Exercise — Set the whole listing down again, word for word, with no pictures.

Stored data —
───

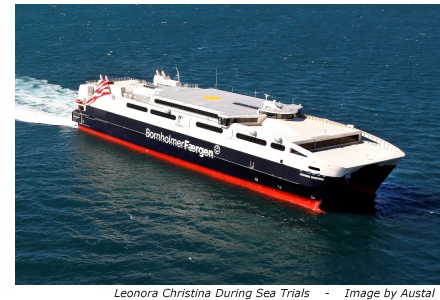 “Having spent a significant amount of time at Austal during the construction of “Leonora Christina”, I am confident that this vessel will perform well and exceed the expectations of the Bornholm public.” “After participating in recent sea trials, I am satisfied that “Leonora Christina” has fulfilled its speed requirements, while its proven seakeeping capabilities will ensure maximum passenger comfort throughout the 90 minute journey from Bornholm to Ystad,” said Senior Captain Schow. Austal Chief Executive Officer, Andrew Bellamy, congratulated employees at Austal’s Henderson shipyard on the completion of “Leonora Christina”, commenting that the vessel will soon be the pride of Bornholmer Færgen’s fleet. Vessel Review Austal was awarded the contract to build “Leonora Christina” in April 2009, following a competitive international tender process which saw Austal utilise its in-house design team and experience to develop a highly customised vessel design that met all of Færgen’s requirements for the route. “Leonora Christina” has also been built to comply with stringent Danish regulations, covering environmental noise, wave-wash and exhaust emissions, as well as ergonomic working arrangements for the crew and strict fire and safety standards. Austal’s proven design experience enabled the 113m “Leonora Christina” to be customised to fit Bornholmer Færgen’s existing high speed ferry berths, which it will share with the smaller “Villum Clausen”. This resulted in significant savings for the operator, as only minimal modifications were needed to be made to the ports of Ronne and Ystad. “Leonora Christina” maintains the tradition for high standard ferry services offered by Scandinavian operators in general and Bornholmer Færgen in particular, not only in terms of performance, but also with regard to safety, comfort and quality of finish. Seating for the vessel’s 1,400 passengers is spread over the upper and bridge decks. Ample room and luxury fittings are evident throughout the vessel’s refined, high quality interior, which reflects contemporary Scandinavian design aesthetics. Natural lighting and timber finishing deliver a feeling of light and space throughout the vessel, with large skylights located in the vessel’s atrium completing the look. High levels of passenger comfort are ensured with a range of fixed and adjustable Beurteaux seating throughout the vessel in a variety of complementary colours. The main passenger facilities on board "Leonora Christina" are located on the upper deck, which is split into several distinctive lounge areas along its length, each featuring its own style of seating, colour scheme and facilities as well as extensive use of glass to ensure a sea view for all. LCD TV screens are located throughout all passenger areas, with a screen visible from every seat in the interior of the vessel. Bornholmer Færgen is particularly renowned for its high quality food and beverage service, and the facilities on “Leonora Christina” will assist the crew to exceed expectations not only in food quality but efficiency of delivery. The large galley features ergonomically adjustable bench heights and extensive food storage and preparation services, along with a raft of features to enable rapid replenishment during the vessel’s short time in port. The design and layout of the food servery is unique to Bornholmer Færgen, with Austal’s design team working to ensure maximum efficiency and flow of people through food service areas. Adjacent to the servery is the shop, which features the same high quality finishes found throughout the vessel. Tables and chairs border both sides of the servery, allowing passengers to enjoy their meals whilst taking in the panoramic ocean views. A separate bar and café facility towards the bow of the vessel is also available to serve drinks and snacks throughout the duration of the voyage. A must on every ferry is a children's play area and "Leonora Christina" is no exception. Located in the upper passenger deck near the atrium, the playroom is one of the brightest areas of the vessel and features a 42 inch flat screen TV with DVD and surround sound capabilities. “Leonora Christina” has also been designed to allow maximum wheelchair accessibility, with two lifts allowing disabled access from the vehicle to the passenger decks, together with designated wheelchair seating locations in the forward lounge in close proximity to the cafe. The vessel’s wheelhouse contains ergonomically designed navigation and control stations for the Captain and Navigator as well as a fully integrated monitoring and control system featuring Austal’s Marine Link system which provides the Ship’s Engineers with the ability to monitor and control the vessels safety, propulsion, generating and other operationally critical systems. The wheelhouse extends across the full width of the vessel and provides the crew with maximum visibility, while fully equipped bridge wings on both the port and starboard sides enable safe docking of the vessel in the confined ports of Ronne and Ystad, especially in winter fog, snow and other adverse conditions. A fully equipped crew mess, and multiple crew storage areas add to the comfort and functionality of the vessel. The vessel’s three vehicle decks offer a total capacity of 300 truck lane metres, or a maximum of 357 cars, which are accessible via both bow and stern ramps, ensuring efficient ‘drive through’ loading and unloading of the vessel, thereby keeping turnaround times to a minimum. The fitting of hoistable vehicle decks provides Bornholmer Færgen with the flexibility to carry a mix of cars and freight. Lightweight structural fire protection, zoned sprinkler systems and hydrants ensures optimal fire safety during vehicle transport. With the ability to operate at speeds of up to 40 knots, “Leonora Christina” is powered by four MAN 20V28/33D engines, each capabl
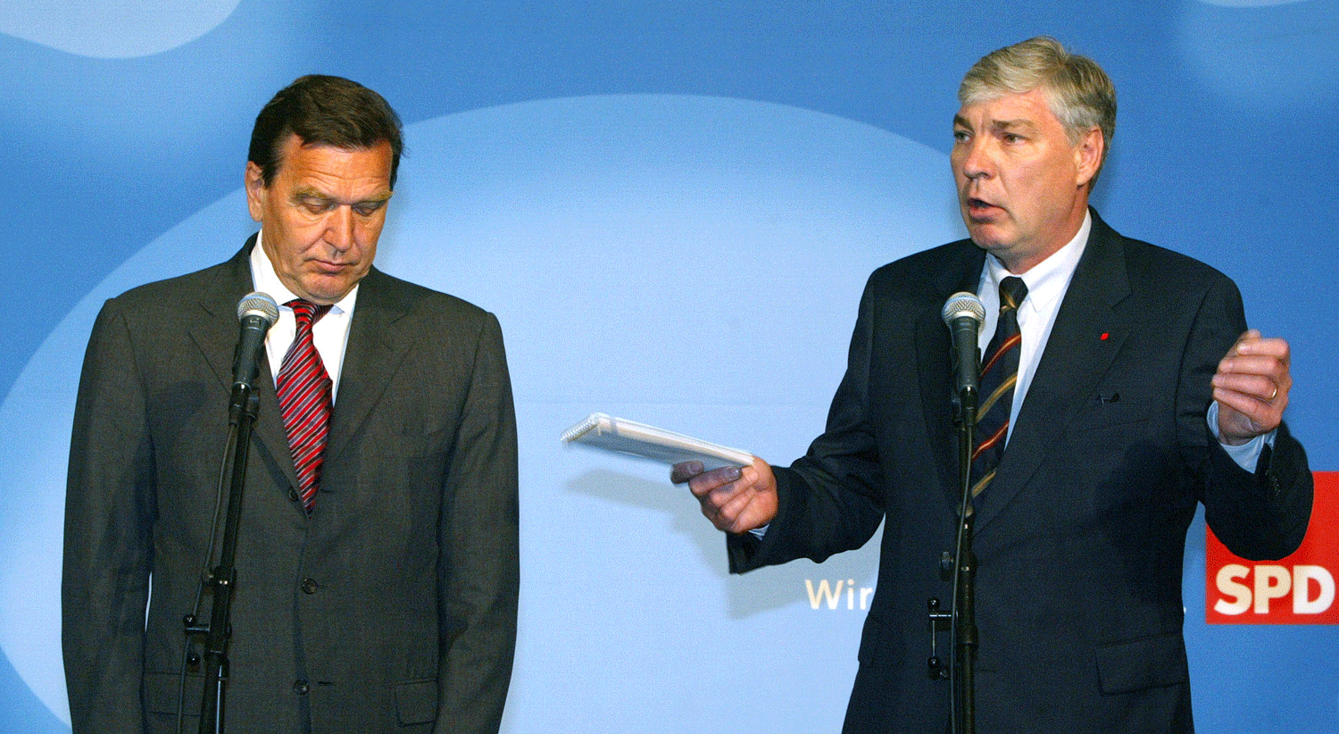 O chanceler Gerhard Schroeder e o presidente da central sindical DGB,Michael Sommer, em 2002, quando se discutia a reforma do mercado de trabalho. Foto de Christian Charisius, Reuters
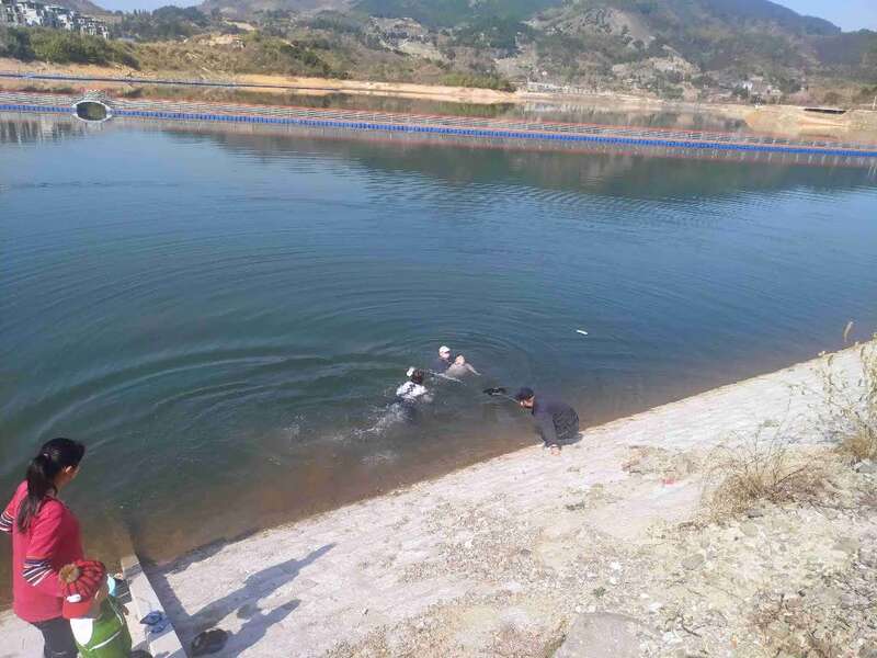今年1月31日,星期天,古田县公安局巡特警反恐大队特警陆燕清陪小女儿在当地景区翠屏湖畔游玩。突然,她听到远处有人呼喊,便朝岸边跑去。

───

Task output —
 “Having spent a significant amount of time at Austal during the construction of “Leonora Christina”, I am confident that this vessel will perform well and exceed the expectations of the Bornholm public.” “After participating in recent sea trials, I am satisfied that “Leonora Christina” has fulfilled its speed requirements, while its proven seakeeping capabilities will ensure maximum passenger comfort throughout the 90 minute journey from Bornholm to Ystad,” said Senior Captain Schow. Austal Chief Executive Officer, Andrew Bellamy, congratulated employees at Austal’s Henderson shipyard on the completion of “Leonora Christina”, commenting that the vessel will soon be the pride of Bornholmer Færgen’s fleet. Vessel Review Austal was awarded the contract to build “Leonora Christina” in April 2009, following a competitive international tender process which saw Austal utilise its in-house design team and experience to develop a highly customised vessel design that met all of Færgen’s requirements for the route. “Leonora Christina” has also been built to comply with stringent Danish regulations, covering environmental noise, wave-wash and exhaust emissions, as well as ergonomic working arrangements for the crew and strict fire and safety standards. Austal’s proven design experience enabled the 113m “Leonora Christina” to be customised to fit Bornholmer Færgen’s existing high speed ferry berths, which it will share with the smaller “Villum Clausen”. This resulted in significant savings for the operator, as only minimal modifications were needed to be made to the ports of Ronne and Ystad. “Leonora Christina” maintains the tradition for high standard ferry services offered by Scandinavian operators in general and Bornholmer Færgen in particular, not only in terms of performance, but also with regard to safety, comfort and quality of finish. Seating for the vessel’s 1,400 passengers is spread over the upper and bridge decks. Ample room and luxury fittings are evident throughout the vessel’s refined, high quality interior, which reflects contemporary Scandinavian design aesthetics. Natural lighting and timber finishing deliver a feeling of light and space throughout the vessel, with large skylights located in the vessel’s atrium completing the look. High levels of passenger comfort are ensured with a range of fixed and adjustable Beurteaux seating throughout the vessel in a variety of complementary colours. The main passenger facilities on board "Leonora Christina" are located on the upper deck, which is split into several distinctive lounge areas along its length, each featuring its own style of seating, colour scheme and facilities as well as extensive use of glass to ensure a sea view for all. LCD TV screens are located throughout all passenger areas, with a screen visible from every seat in the interior of the vessel. Bornholmer Færgen is particularly renowned for its high quality food and beverage service, and the facilities on “Leonora Christina” will assist the crew to exceed expectations not only in food quality but efficiency of delivery. The large galley features ergonomically adjustable bench heights and extensive food storage and preparation services, along with a raft of features to enable rapid replenishment during the vessel’s short time in port. The design and layout of the food servery is unique to Bornholmer Færgen, with Austal’s design team working to ensure maximum efficiency and flow of people through food service areas. Adjacent to the servery is the shop, which features the same high quality finishes found throughout the vessel. Tables and chairs border both sides of the servery, allowing passengers to enjoy their meals whilst taking in the panoramic ocean views. A separate bar and café facility towards the bow of the vessel is also available to serve drinks and snacks throughout the duration of the voyage. A must on every ferry is a children's play area and "Leonora Christina" is no exception. Located in the upper passenger deck near the atrium, the playroom is one of the brightest areas of the vessel and features a 42 inch flat screen TV with DVD and surround sound capabilities. “Leonora Christina” has also been designed to allow maximum wheelchair accessibility, with two lifts allowing disabled access from the vehicle to the passenger decks, together with designated wheelchair seating locations in the forward lounge in close proximity to the cafe. The vessel’s wheelhouse contains ergonomically designed navigation and control stations for the Captain and Navigator as well as a fully integrated monitoring and control system featuring Austal’s Marine Link system which provides the Ship’s Engineers with the ability to monitor and control the vessels safety, propulsion, generating and other operationally critical systems. The wheelhouse extends across the full width of the vessel and provides the crew with maximum visibility, while fully equipped bridge wings on both the port and starboard sides enable safe docking of the vessel in the confined ports of Ronne and Ystad, especially in winter fog, snow and other adverse conditions. A fully equipped crew mess, and multiple crew storage areas add to the comfort and functionality of the vessel. The vessel’s three vehicle decks offer a total capacity of 300 truck lane metres, or a maximum of 357 cars, which are accessible via both bow and stern ramps, ensuring efficient ‘drive through’ loading and unloading of the vessel, thereby keeping turnaround times to a minimum. The fitting of hoistable vehicle decks provides Bornholmer Færgen with the flexibility to carry a mix of cars and freight. Lightweight structural fire protection, zoned sprinkler systems and hydrants ensures optimal fire safety during vehicle transport. With the ability to operate at speeds of up to 40 knots, “Leonora Christina” is powered by four MAN 20V28/33D engines, each capabl
 O chanceler Gerhard Schroeder e o presidente da central sindical DGB,Michael Sommer, em 2002, quando se discutia a reforma do mercado de trabalho. Foto de Christian Charisius, Reuters
今年1月31日,星期天,古田县公安局巡特警反恐大队特警陆燕清陪小女儿在当地景区翠屏湖畔游玩。突然,她听到远处有人呼喊,便朝岸边跑去。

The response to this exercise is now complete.